[Start of Attachment]

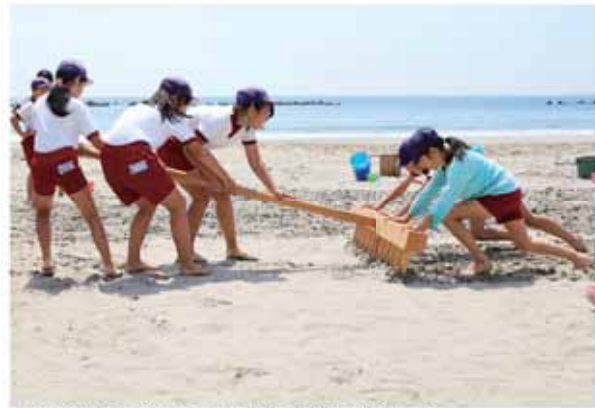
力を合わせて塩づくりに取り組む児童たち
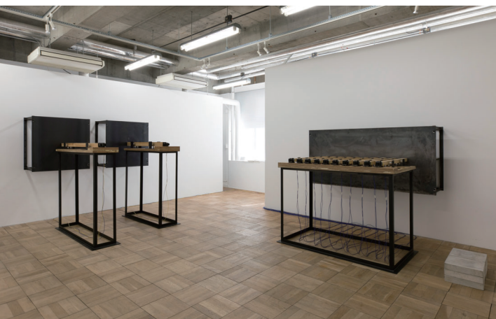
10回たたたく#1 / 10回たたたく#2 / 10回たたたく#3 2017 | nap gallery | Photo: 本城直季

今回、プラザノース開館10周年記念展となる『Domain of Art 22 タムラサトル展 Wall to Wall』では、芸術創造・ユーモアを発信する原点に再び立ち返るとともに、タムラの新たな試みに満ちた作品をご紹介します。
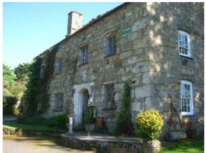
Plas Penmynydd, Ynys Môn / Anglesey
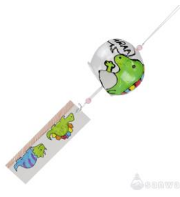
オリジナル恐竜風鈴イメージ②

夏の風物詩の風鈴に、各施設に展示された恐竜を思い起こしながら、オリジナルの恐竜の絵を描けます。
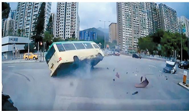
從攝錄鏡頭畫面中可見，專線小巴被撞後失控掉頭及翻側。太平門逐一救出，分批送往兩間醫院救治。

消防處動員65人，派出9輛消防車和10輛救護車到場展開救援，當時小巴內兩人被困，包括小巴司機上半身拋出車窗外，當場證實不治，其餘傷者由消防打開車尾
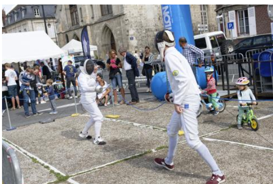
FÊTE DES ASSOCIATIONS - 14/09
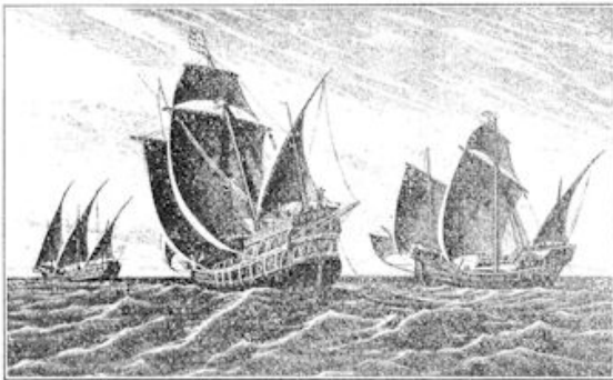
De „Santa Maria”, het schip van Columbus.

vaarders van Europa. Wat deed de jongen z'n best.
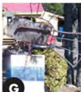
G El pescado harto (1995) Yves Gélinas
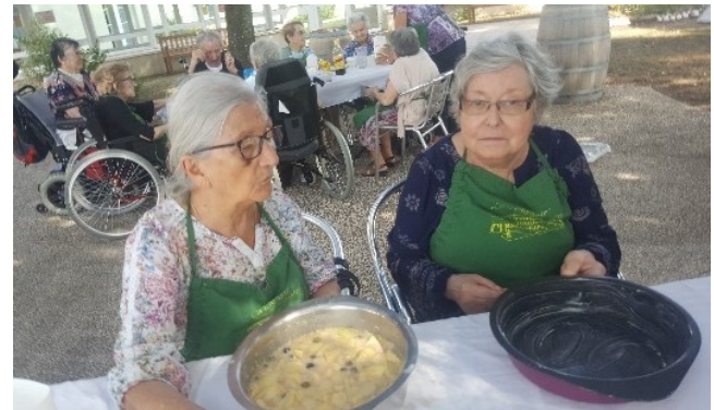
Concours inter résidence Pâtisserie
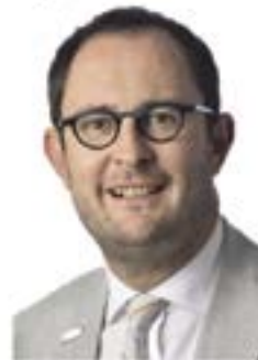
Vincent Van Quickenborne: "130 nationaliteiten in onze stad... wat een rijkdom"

[End of Attachment]

● **Task requirements**: Only an exact copy of the entries, with no pictures, is expected as the answer.

● **Output of the task**:
力を合わせて塩づくりに取り組む児童たち
10回たたたく#1 / 10回たたたく#2 / 10回たたたく#3 2017 | nap gallery | Photo: 本城直季

今回、プラザノース開館10周年記念展となる『Domain of Art 22 タムラサトル展 Wall to Wall』では、芸術創造・ユーモアを発信する原点に再び立ち返るとともに、タムラの新たな試みに満ちた作品をご紹介します。
Plas Penmynydd, Ynys Môn / Anglesey
オリジナル恐竜風鈴イメージ②

夏の風物詩の風鈴に、各施設に展示された恐竜を思い起こしながら、オリジナルの恐竜の絵を描けます。
從攝錄鏡頭畫面中可見，專線小巴被撞後失控掉頭及翻側。太平門逐一救出，分批送往兩間醫院救治。

消防處動員65人，派出9輛消防車和10輛救護車到場展開救援，當時小巴內兩人被困，包括小巴司機上半身拋出車窗外，當場證實不治，其餘傷者由消防打開車尾
FÊTE DES ASSOCIATIONS - 14/09
De „Santa Maria”, het schip van Columbus.

vaarders van Europa. Wat deed de jongen z'n best.
G El pescado harto (1995) Yves Gélinas
Concours inter résidence Pâtisserie
Vincent Van Quickenborne: "130 nationaliteiten in onze stad... wat een rijkdom"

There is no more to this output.